# Wie die Größe von 60 Bildern ändern?



## Sandmanyz (15. Juli 2004)

Hallo,

gibt es eine Möglichkeit die größe von ca. 60 Bilder in einem Arbeitsgang zu ändern.
Ich möchte nicht jedes Bild einzeln öffnen und die Größe ändern.

MfG


----------



## Sven Mintel (15. Juli 2004)

Probier irfanView ....das macht das bei Bedarf auch mit 60000 Bildern....und noch einiges mehr


----------



## Sandmanyz (16. Juli 2004)

Und wie kann man das in dem Programm machen? Ich kann immer nur eins verändern. 


MfG


*EDIT:* 

Habs hinbekommen.

Danke


----------



## Semostar (6. August 2004)

Hallo 

Ansonsten gibt's noch die Möglichkeit in Photoshop sog. "Aktionen" zu erstellen, wenn es sich bei den Bildern um immer die gleiche Aktion handelt.

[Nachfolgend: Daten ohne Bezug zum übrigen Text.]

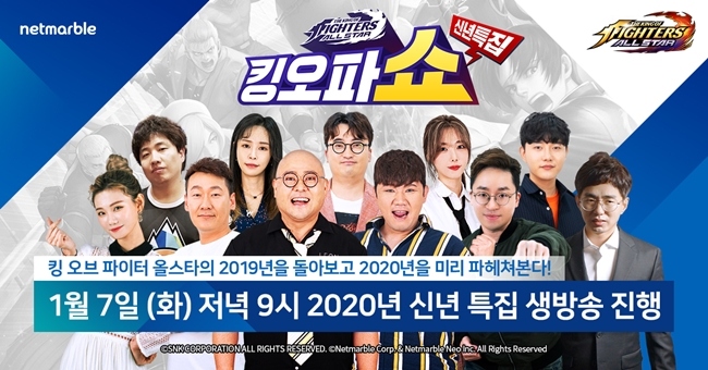 넷마블(대표 권영식)이 7일 오후 9시 자사의 액션 RPG '더 킹 오브 파이터즈 올스타(이하 킹 오브 파이터 올스타)' 전문 채널 '킹오파쇼'의 신년 특집 방송을 진행한다. ...

Daraus kannst Du dann ein Droplet erstellen (*.exe). Ziehst dann den Ordner mit den Bildern drauf und -schwupps- in einem Rutsch alles durchgewurschtelt...

Grüße,

Semo


----------



## thoru (7. August 2004)

...nach Aufruf von Irfanview bitte einmal die Taste B
drücken, sodann wirst du dich ein wenig mit den
Optionen und den erweiterten Optionen am unteren
Fensterrand beschäftigen müssen. Wie du deine Bilder 
in das rechte Abteil bekommst erklärt sich
eigentlich von selbst.


cu
thoru


----------



## Earl-Grey (23. August 2004)

Ich benutze dazu eigentlich immer Fireworks! In FW kannst du einen Batch Process(EN) bzw. Stapelverarbeitung(DE) machen. Ganz simpel und leicht zu bedienen! Ausßerdem hat FW noch die beste JPG Kompremierung falls das für dich in Frage kommt


----------